▸ REQUIREMENT
Output exactly the lines that come between the start of the material and the line containing "Kinderen plakken simpelweg", both ends included, with the pictures omitted.
+ + + + +
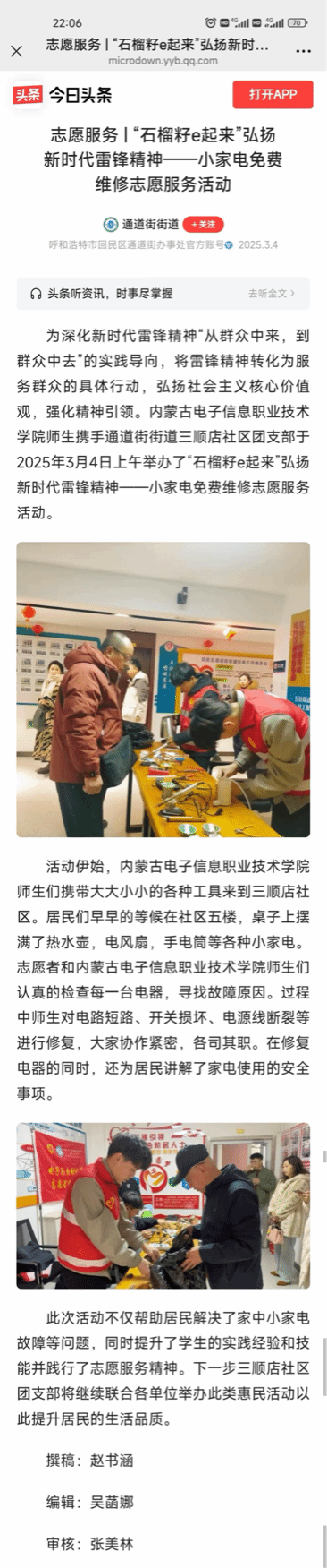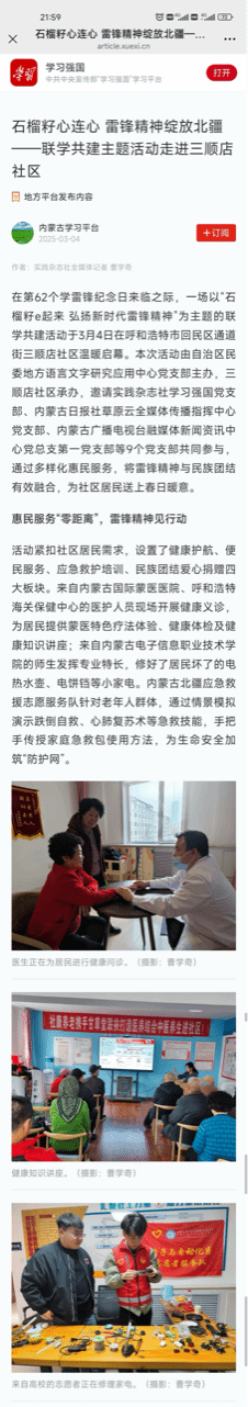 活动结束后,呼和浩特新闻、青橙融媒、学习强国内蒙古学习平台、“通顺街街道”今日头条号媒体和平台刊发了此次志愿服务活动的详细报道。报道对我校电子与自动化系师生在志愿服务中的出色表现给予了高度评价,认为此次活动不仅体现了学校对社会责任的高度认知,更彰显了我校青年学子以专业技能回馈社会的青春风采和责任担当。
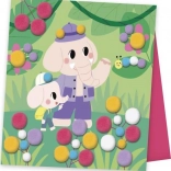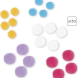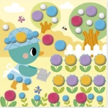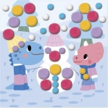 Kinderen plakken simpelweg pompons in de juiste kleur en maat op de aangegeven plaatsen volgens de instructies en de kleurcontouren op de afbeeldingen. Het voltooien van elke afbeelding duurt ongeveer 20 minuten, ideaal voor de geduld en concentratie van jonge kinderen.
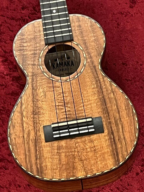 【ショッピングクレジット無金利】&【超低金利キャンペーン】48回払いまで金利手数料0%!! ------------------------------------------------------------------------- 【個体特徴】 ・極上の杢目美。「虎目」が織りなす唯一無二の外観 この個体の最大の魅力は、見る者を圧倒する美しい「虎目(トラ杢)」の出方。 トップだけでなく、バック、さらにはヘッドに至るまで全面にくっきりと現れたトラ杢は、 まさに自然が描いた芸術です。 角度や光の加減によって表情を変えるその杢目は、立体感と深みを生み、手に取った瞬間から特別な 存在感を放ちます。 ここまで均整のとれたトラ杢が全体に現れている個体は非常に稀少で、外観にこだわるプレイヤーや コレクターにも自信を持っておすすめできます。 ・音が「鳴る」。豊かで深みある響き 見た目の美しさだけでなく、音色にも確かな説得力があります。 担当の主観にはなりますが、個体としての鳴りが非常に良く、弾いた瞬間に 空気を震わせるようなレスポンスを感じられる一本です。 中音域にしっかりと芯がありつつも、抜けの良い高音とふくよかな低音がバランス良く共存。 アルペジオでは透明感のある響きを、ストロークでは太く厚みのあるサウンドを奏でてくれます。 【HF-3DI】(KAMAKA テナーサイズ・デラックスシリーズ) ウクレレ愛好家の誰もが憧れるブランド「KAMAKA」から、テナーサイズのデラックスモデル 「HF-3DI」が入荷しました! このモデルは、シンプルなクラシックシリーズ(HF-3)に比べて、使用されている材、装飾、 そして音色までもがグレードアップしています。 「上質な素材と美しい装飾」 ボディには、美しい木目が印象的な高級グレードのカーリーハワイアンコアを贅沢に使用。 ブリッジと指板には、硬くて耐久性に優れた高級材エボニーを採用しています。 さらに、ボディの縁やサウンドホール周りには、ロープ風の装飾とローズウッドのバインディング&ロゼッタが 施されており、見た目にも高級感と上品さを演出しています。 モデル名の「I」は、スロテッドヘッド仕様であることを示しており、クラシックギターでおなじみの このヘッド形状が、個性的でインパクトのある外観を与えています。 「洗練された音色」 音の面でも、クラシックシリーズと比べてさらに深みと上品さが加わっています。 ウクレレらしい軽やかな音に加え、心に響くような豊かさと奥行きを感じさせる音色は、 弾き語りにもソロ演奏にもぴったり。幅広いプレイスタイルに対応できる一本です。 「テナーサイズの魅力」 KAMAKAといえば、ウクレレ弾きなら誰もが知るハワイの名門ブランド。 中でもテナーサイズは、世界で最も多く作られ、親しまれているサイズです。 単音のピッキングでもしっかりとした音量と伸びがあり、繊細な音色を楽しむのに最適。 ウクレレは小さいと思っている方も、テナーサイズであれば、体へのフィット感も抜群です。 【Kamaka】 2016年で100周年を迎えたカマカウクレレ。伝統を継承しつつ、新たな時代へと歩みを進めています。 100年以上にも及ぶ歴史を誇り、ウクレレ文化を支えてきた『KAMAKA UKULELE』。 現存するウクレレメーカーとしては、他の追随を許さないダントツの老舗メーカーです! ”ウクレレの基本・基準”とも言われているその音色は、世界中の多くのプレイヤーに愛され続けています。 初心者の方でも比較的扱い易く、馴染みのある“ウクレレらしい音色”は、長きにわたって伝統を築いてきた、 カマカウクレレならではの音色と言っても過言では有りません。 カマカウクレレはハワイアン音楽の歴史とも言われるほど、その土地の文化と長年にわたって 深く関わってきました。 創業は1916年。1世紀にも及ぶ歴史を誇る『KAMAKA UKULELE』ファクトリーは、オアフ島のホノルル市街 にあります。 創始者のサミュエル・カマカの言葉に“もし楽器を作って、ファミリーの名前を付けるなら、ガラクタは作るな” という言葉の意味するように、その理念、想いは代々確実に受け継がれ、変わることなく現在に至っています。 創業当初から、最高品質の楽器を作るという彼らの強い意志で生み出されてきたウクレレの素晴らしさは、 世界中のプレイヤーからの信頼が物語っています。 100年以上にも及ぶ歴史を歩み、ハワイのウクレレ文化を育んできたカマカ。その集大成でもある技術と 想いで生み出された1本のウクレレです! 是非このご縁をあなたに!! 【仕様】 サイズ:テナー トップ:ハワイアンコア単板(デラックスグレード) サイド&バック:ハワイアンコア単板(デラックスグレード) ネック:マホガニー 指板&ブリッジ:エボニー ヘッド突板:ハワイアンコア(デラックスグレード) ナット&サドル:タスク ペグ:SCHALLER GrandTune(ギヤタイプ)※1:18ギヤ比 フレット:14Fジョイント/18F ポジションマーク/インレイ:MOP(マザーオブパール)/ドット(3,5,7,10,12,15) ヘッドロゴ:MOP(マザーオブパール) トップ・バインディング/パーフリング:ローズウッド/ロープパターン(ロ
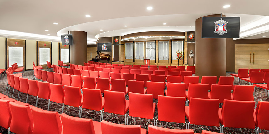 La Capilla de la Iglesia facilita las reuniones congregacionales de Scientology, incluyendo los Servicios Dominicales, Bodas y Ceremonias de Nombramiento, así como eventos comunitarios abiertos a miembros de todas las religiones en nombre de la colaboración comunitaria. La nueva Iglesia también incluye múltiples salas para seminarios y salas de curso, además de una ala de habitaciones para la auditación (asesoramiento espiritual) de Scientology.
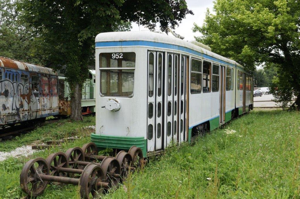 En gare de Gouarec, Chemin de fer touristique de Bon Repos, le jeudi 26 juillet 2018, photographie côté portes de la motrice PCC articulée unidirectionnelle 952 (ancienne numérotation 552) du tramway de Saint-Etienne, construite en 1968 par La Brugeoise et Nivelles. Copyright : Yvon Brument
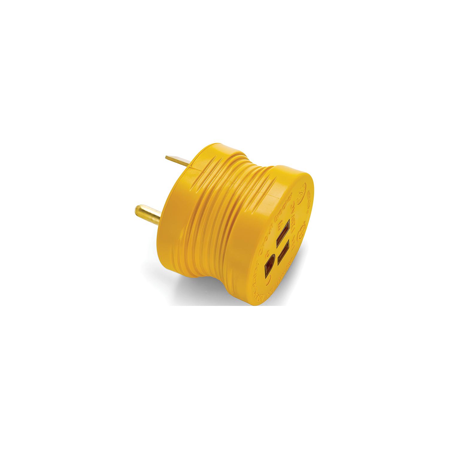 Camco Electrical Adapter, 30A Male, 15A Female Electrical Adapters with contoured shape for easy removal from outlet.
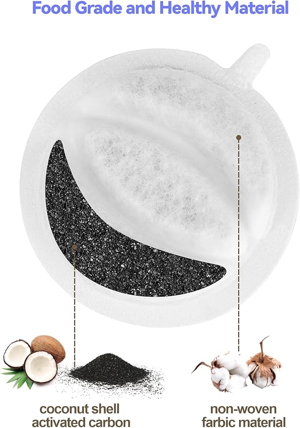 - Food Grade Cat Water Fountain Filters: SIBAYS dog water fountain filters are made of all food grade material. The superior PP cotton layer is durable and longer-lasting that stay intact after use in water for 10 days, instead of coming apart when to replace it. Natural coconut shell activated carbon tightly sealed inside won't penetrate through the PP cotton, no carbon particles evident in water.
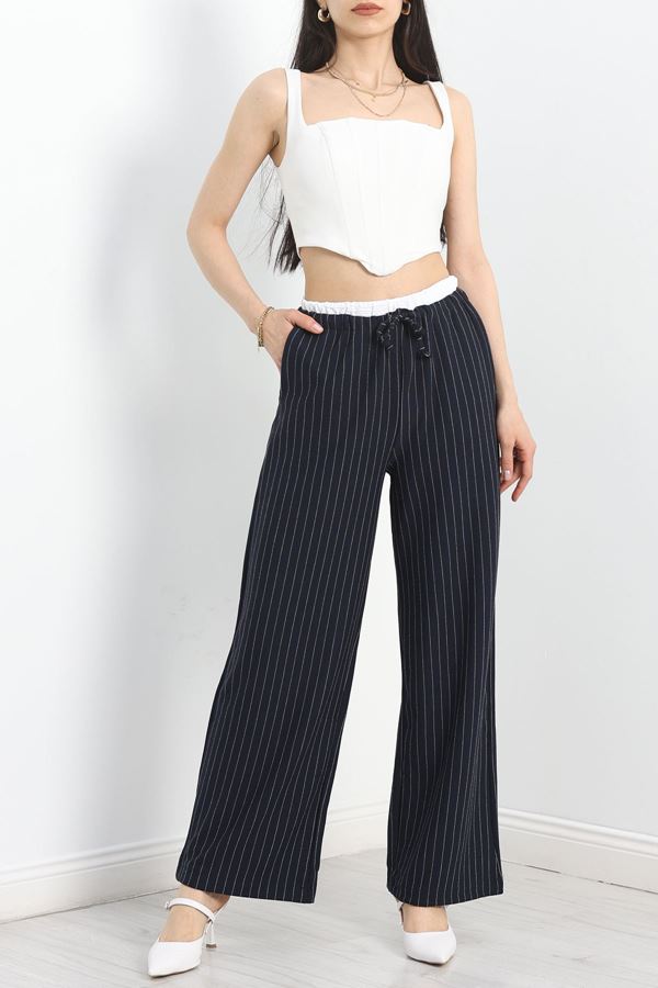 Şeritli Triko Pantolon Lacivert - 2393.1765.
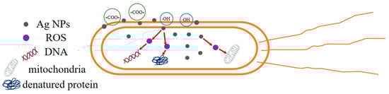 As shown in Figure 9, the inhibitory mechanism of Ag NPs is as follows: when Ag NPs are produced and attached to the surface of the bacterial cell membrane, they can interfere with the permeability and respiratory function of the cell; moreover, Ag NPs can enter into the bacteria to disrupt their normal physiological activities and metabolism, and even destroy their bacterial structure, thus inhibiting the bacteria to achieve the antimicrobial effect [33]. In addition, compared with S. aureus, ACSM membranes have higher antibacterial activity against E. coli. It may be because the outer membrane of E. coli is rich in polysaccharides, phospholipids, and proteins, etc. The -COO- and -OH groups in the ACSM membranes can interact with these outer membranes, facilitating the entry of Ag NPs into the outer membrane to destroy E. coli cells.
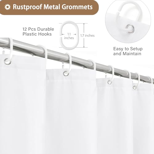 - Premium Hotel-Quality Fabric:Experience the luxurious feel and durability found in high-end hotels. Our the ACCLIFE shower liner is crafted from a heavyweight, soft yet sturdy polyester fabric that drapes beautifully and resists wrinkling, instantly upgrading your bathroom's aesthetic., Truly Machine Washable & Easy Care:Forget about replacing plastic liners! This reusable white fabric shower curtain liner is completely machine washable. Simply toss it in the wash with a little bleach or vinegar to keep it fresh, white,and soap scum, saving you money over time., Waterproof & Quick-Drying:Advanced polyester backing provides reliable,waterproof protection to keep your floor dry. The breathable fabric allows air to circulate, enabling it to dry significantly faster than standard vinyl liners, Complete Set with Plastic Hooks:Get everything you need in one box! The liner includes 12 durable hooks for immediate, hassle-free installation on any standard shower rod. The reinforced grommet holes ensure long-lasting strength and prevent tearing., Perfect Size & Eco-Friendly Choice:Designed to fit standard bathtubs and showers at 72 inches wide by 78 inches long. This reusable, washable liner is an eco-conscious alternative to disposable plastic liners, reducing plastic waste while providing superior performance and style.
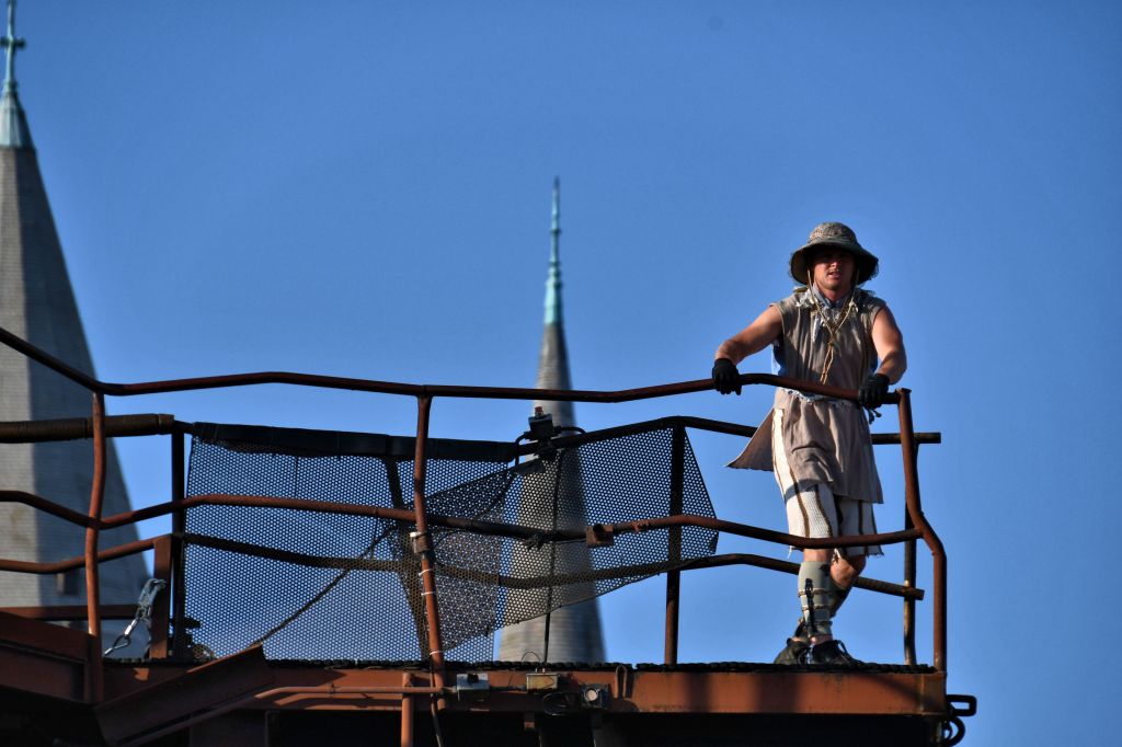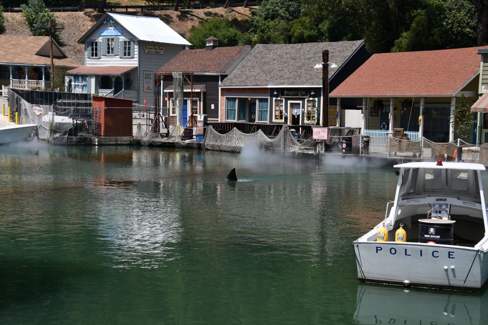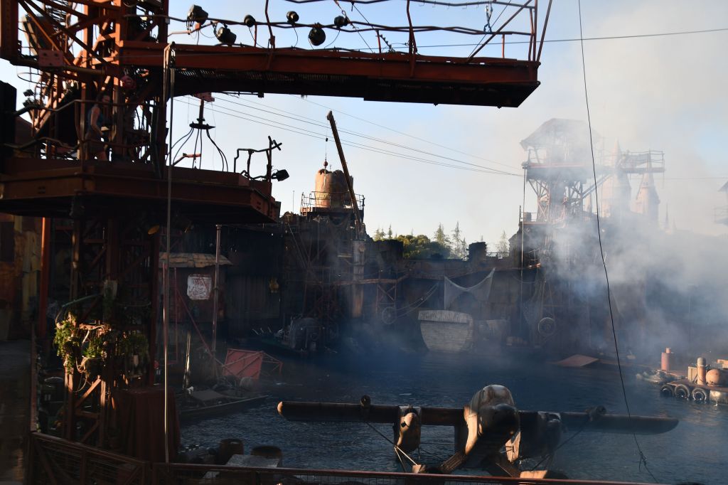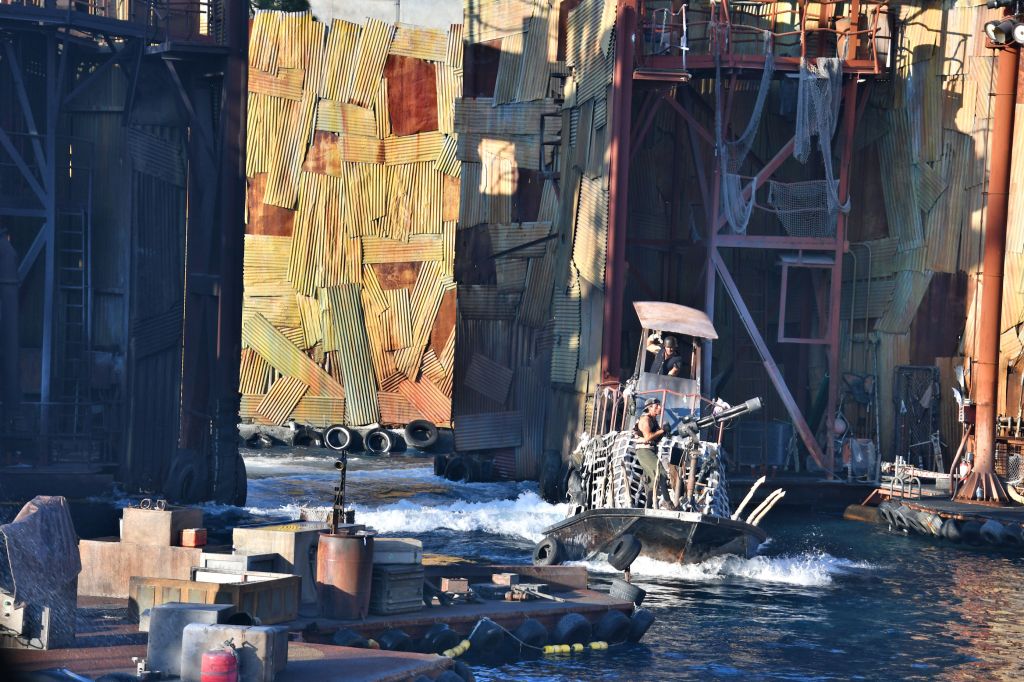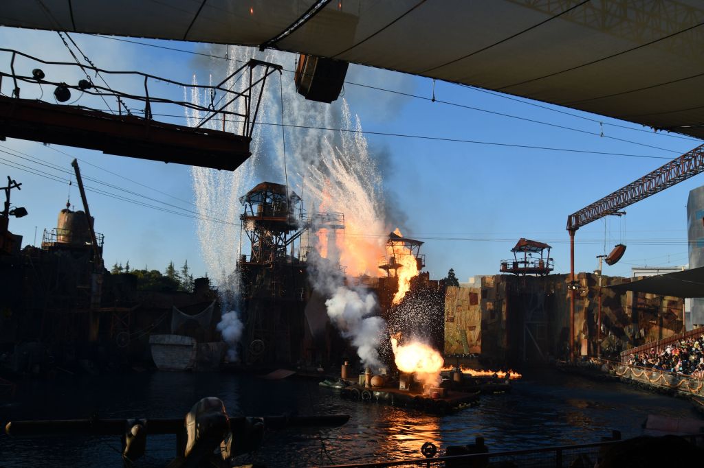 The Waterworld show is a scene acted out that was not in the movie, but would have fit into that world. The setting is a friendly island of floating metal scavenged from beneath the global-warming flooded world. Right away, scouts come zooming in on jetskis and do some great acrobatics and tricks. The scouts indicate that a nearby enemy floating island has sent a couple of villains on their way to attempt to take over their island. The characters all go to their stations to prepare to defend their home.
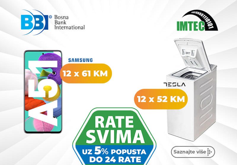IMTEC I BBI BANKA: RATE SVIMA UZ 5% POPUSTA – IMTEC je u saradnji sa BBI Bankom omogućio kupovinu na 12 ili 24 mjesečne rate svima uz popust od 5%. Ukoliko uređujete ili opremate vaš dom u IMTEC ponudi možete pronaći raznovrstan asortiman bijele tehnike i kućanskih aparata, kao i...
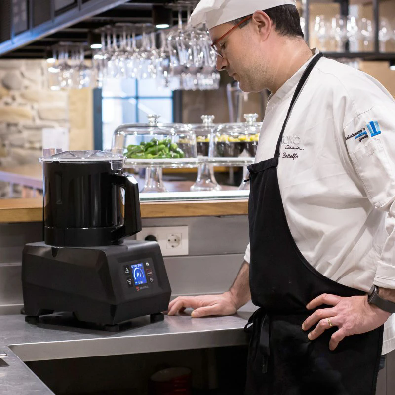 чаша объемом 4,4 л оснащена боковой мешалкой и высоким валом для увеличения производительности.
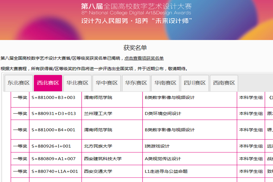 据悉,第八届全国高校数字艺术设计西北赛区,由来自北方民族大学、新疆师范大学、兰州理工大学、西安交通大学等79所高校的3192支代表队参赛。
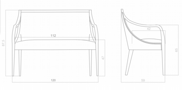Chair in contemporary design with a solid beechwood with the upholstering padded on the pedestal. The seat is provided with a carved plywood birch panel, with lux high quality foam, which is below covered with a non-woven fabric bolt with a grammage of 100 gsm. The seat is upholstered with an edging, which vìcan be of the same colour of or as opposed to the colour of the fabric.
+ + + + +
▸ PROBLEM SOLUTION
 活动结束后,呼和浩特新闻、青橙融媒、学习强国内蒙古学习平台、“通顺街街道”今日头条号媒体和平台刊发了此次志愿服务活动的详细报道。报道对我校电子与自动化系师生在志愿服务中的出色表现给予了高度评价,认为此次活动不仅体现了学校对社会责任的高度认知,更彰显了我校青年学子以专业技能回馈社会的青春风采和责任担当。
 Kinderen plakken simpelweg pompons in de juiste kleur en maat op de aangegeven plaatsen volgens de instructies en de kleurcontouren op de afbeeldingen. Het voltooien van elke afbeelding duurt ongeveer 20 minuten, ideaal voor de geduld en concentratie van jonge kinderen.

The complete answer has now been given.